COURT OF APPEALS

DECISION

DATED AND FILED

 

March 6, 2007

 

A. John Voelker

Acting Clerk of Court of Appeals

 

 

 

NOTICE

 

 

This opinion is subject to further editing.  If published, the official version will appear in the bound volume of the Official Reports. 

 

A party may file with the Supreme Court a petition to review an adverse decision by the Court of Appeals.  See Wis. Stat. § 808.10 and Rule 809.62. 

 

 

 

 

Appeal No. 

2006AP1500-CR

Cir. Ct. No.  2004CF566

STATE OF WISCONSIN   

IN COURT OF APPEALS

 

DISTRICT III

 

 

 

 

State of Wisconsin,

 

          Plaintiff-Respondent,

 

     v.

 

Joseph P. LaPere,

 

          Defendant-Appellant.

 

 

 

 

            APPEAL from a judgment of the circuit court for Brown County:  john d. mcKAY, Judge.  Affirmed. 
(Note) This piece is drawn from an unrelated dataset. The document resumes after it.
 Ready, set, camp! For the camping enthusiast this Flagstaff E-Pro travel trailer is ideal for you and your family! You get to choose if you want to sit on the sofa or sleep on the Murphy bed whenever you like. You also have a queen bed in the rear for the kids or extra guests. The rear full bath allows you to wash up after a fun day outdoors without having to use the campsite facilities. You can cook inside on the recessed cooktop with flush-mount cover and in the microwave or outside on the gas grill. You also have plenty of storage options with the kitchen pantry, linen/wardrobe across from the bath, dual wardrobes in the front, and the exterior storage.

            Before Cane, C.J., Hoover, P.J., and Peterson, J.   

1        PER CURIAM.   Joseph P. LaPere appeals a judgment convicting him of two counts of burglary on his no contest pleas.  He argues that the trial court should have suppressed evidence derived from the initial police intrusion into his home and that he was denied his right to a speedy trial.  We reject these arguments and affirm the judgment. 
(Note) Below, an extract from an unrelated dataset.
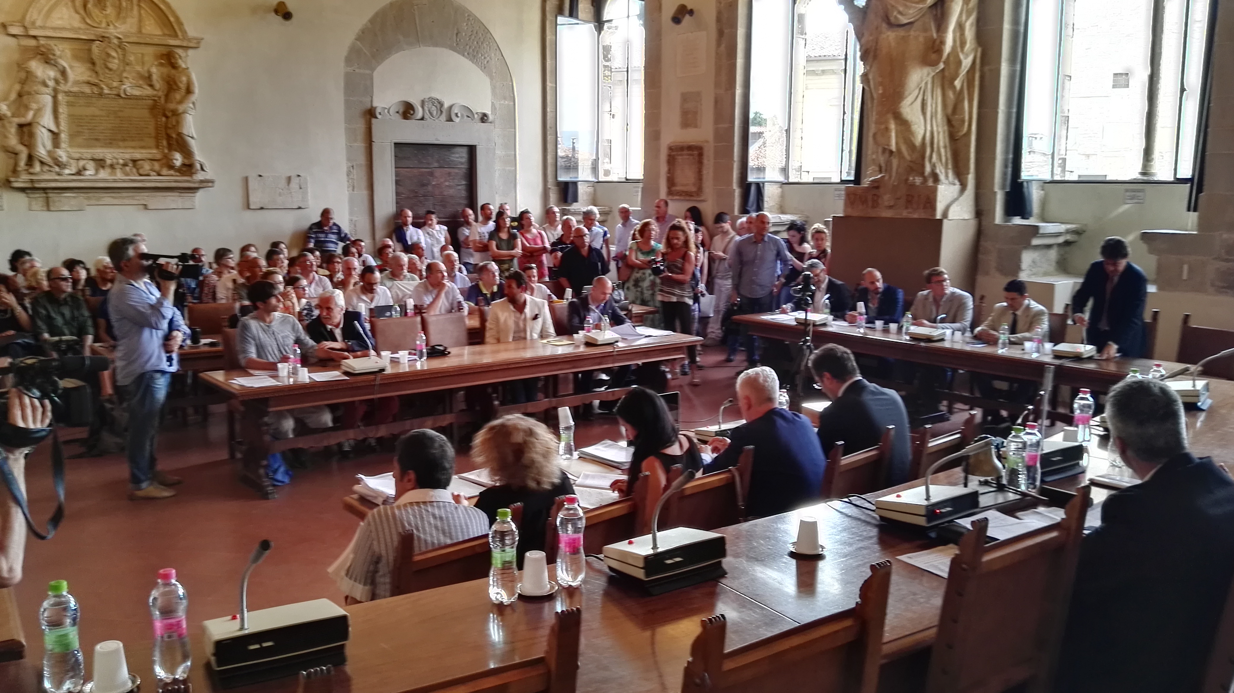 Seduta di mezza estate per il Consiglio comunale di Città di Castello: venerdì 22 luglio alle 17.30 l’assemblea si riunirà per esaminare alcuni punti all’ordine del giorno tra cui la composizione delle commissioni consiliari permanenti. Si tratta di quattro organismi, uno per gli Affari istituzionali, uno per la Programmazione economica, uno per i Servizi ed un altro per l’Assetto del territorio. I consiglieri dovranno anche procedere ad individuare la commissione consiliare dei giudici popolari e i membri della commissione di controllo e garanzia a norma di Statuto e di Regolamento del Consiglio. E’ questo infatti il primo punto della seduta dopo le comunicazioni del sindaco e prima della discussione sugli indirizzi di nomina, designazione e revoca dei rappresentanti del comune presso enti, aziende ed istituzioni. In scaletta la determinazione dell’importo dei gettoni di presenza per i consiglieri e per i componenti esterni delle commissioni comunali e l’indennità di funzione del presidente del consiglio. Quindi si partirà con i documenti presentati dai consiglieri: in un’interrogazione il capogruppo di Forza Italia Cesare Sassolini chiede chiarimenti sulle denunce per falsi contratti di lavoro per extracomunitari; Andrea Lignani Marchesani, capogruppo di Fratelli d’Italia, in un’altra interrogazione, vuole informazioni sulla procedura di gara per la cessione delle quote di partecipazione pubblica di Polisport. Il capogruppo del PD Gaetano Zucchini ha presentato un’interpellanza sull’esposizione del Gonfalone in consiglio comunale durante le sedute insieme alla presenza delle polizia urbana durante le attività. Zucchini chiede anche il miglioramento della microfonazione e dell’amplificazione utilizzate nel dibattito. Ultimo punto all’ordine del giorno una mozione del capogruppo Roberto Colombo e del consigliere Vincenzo Bucci di Castello Cambia sull’istituzione di una specifica commissione di inchiesta con l’obiettivo “di acquisire tutte le informazioni documentali e gestionali di Sogepu”.

2        Police officers initially entered LaPere’s home at the invitation of Dolores Couillard, who represented herself as a co-tenant.  LaPere argues that Couillard lacked authority to consent to a search because she had moved out five days before she consented to the search, her belongings had been removed, her keys had been returned to LaPere, her name did not appear on the lease and she did not pay rent or bills.  That argument fails for two reasons.  First, it relies on a misstatement of facts.  Second, the officers reasonably relied on Couillard’s apparent authority to consent to the search. 

3        Some of Couillard’s possessions were still in the house at the time she invited the police to search the residence.  LaPere acknowledged that fact when he testified that he instructed Couillard not to pick up her remaining belongings if he was not present.  In addition, at the time Couillard invited the officers to search the residence, she had keys. 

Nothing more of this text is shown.